JobKeeper has been essential to keep many business afloat and a massive bonus for other business that would have survived the coronavirus crisis without it.
Like all government initiatives there have been winners and losers. And our role is to make sure that our clients take full advantage of the benefits on offer whilst ensuring they comply with the rules.
On 21st July the Government announced the extension of the JobKeeper payment from 28th September to 28th March.
Further changes were announced on 7th August 2020 to adjust the reference date for employee eligibility and make it easier for businesses to qualify for the JobKeeper Payment extension from 28th September 2020.
On 1st September the Coronavirus Economic Response Package (JobKeeper Payments) Amendment Bill 2020 was passed.
So what does all this mean?
Firstly, it creates an opportunity for businesses that didn’t apply or otherwise didn’t receive JobKeeper from March to September to participate from 28th September.

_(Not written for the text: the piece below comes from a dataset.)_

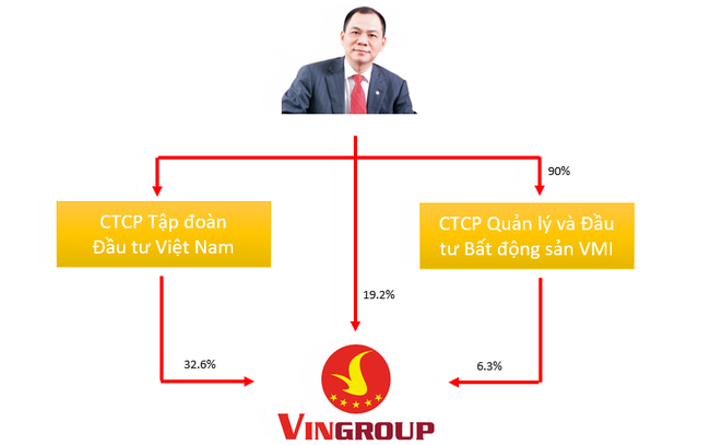 Bên cạnh phần sở hữu trực tiếp, CTCP Tập đoàn Đầu tư Việt Nam – một công ty do ông Vượng nắm quyền chi phối – hiện đang là cổ đông lớn nhất sở hữu 32,6% cổ phần của Vingroup. Ngoài Vingroup và CTCP Tập đoàn Đầu tư Việt Nam, hiện chủ tịch Vingroup còn đang trực tiếp nắm giữ vốn của VinFuture, VinES và công ty Asian Star Trading & Investment.

Secondly, it will require a re-qualification for existing participants to continue in the system from 28th September and again from 4th January.
From 28th September 2020, eligibility for the JobKeeper Payment will be based on actual turnover in the relevant periods and the payment will be stepped down and paid at two rates.
Business Eligibility –
From 28th September, businesses and not-for-profits seeking to claim JobKeeper Payment will be required to re-assess their eligibility with reference to their actual turnover in the September quarter 2020. Businesses will need to demonstrate that they have met the relevant decline in turnover test in this quarter to be eligible for JobKeeper from 28th September 2020 to 3rd January 2021.
Businesses will need to further reassess their eligibility in January 2021 for the period from 4th January to 28th March 2021. Businesses will need to demonstrate that they have met the relevant decline in turnover test in the December quarter 2020 to remain eligible for the March quarter 2021.
Please be aware that the 30% decline in turnover need not be caused by coronavirus.
The ATO has now issued preliminary guidance on the extension of JobKeeper.
Businesses already enrolled in JobKeeper will not need to re-enrol nor will they need to reassess employee eligibility or ask employees to agree to be nominated, but they will need to determine if they satisfy the actual fall in turnover test for the two extension periods — 28th September 2020 to 3rd January 2021, and 4th January 2021 to 28th March 2021.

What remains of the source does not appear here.